## Task objective
What you return should match the data word for word, minus the images.

----- Given material

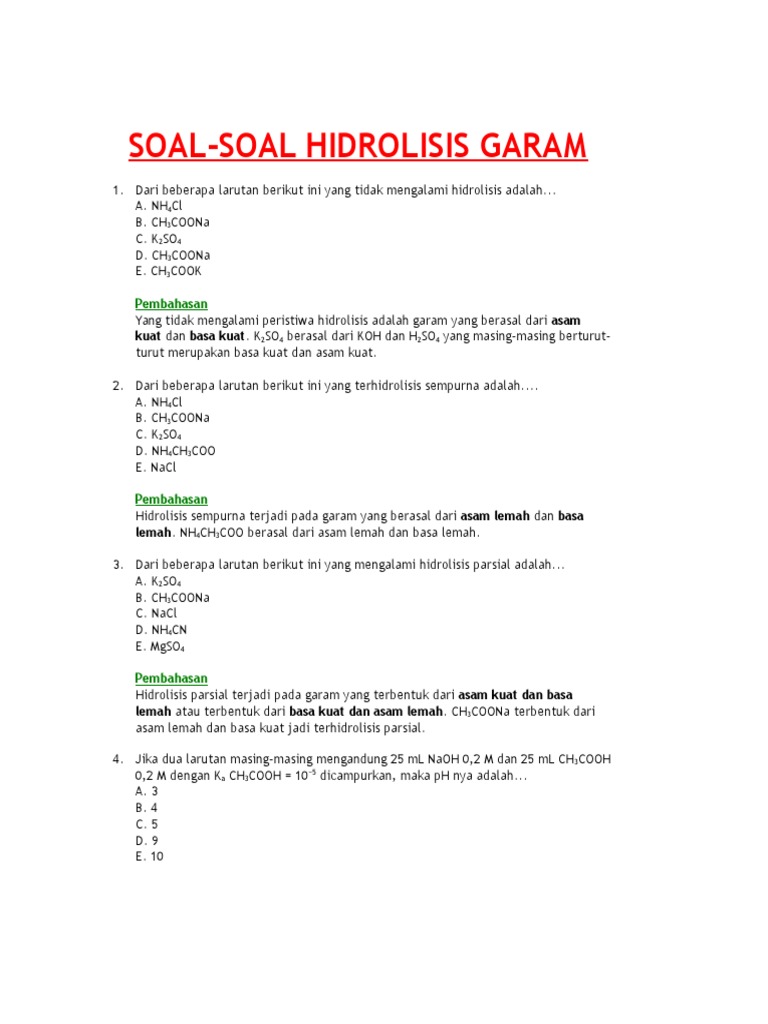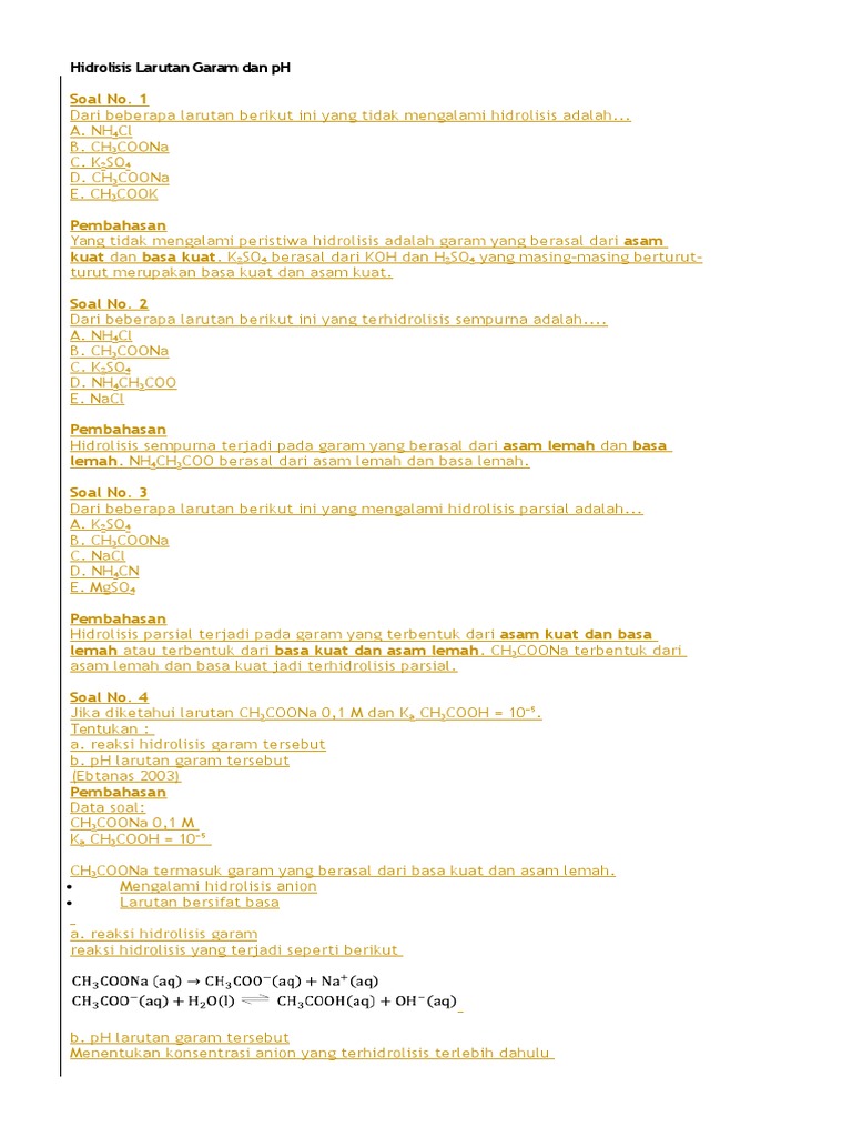 Contoh Soal Dan Pembahasan Hidrolisis Garam - Contoh Soal Terbaru
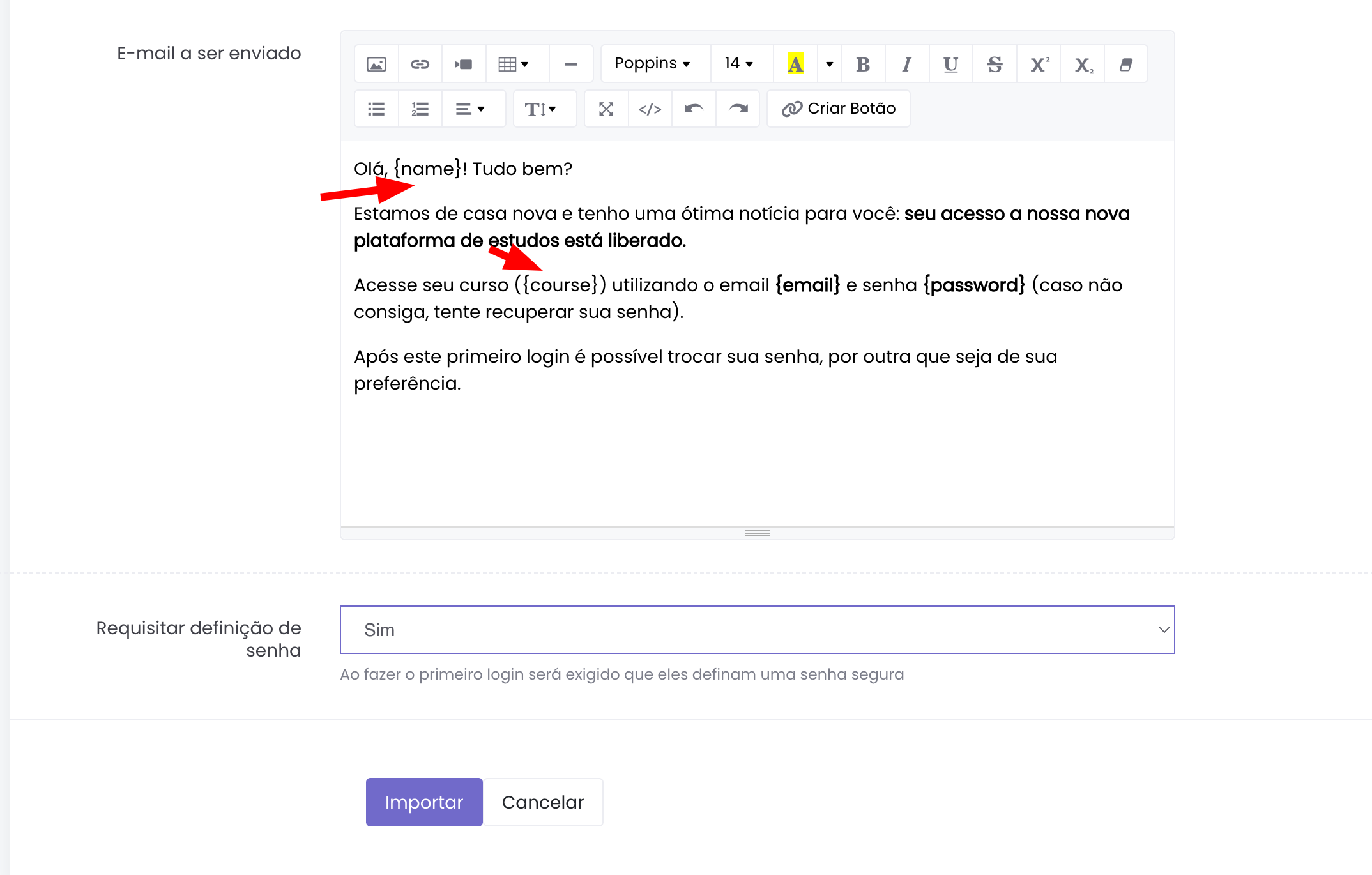 As palavras chaves que estão entre {} serão substituídas pelos valores (Ex: {name} = nome). Após o campo de edição do e-mail temos o campo Requisitar definição de senha, este campo serve para que ao importarmos os usuários, após o primeiro login deles eles devem definir uma senha própria e segura.
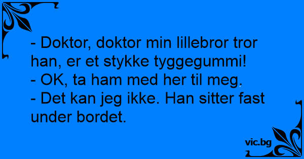 - Doktor, doktor min lillebror tror han, er et stykke tyggegummi!
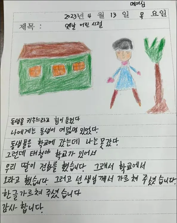 야학에 나오는 어머님, 아버님들은 5~60년 전 본인의 의사와 상관없이 학교에 다니고 싶었던 꿈을 포기해야 했습니다.

----------

## Response box
 Contoh Soal Dan Pembahasan Hidrolisis Garam - Contoh Soal Terbaru
 As palavras chaves que estão entre {} serão substituídas pelos valores (Ex: {name} = nome). Após o campo de edição do e-mail temos o campo Requisitar definição de senha, este campo serve para que ao importarmos os usuários, após o primeiro login deles eles devem definir uma senha própria e segura.
 - Doktor, doktor min lillebror tror han, er et stykke tyggegummi!
 야학에 나오는 어머님, 아버님들은 5~60년 전 본인의 의사와 상관없이 학교에 다니고 싶었던 꿈을 포기해야 했습니다.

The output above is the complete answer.